# Experimenting with LlaMA2 for deliberAIde

## Download the Model via Hugging Face API

The following code takes advantage of Hugging Face API and Google Colab's free-tier GPU. With this tier, we are able to use Llama 2 7B version. Higher versions (i.e. more parameters) requires additional VRAM, and a higher (no longer free) tier.

First, install necessary packages and log in using hugging face.

In [None]:
!pip install huggingface_hub
!pip install -q transformers einops accelerate langchain bitsandbytes

in command line, use `huggingface-cli login` to authenticate with Hugging Face API key.

After that, you can run code below to download the model. 

In [None]:
from langchain import HuggingFacePipeline
from transformers import AutoTokenizer
import transformers
import torch

model = "meta-llama/Llama-2-7b-chat-hf"

tokenizer = AutoTokenizer.from_pretrained(model)

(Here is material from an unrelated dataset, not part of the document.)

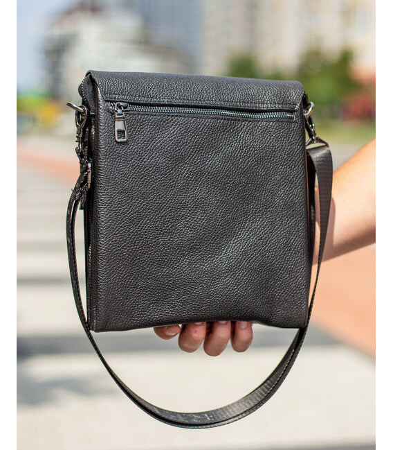 Стильная мужская сумка через плечо, выполнена из высококачественной натуральной кожи. Под накидкой находится одно основное отделение, в котором размещен потайной карман на молнии, а также карман открытого типа. Сумка имеет два дополнительных отделения: одно с лицевой части (под накидкой, без застежки) и одно с тыльной части (на молнии). Отделения застегиваются при помощи качественной фурнитуры. Ремешок сумки плотный, регулируемый, несъёмный.

pipeline = transformers.pipeline(
    "text-generation", 
    model=model,
    tokenizer=tokenizer,
    torch_dtype=torch.bfloat16,
    trust_remote_code=True,
    device_map="auto",
    max_length=1000,
    eos_token_id=tokenizer.eos_token_id
)

In [None]:
llm = HuggingFacePipeline(pipeline = pipeline, model_kwargs = {'temperature':0})

## Prompt-Template

Here is a simple prompt template. I have included the specific template just for topics for now. We can extend this to the other prompts. 

In [None]:
from langchain import PromptTemplate,  LLMChain

template = """
            You are an assistant for group discussions, specializing in keeping track of and documenting the discussion,/
            that is, the topics discussed, the viewpoints/positions on each topic, and the arguments/explanations given in support of each viewpoint./
            List the topics in an array according to the following example: [[" ", "topic1"],[" ","topic2"]]
            Identify the one or several main topics discussed in the discussion transcript, delimited with triple backticks. If there are multiple identified topics, but they all center around the same main topic, only record the main topic. Don't record sub-topics.

            Return the topics as a list in json format.
            Review transcript: '''{transcript}'''
           """

prompt = PromptTemplate(template=template, input_variables=["transcript"])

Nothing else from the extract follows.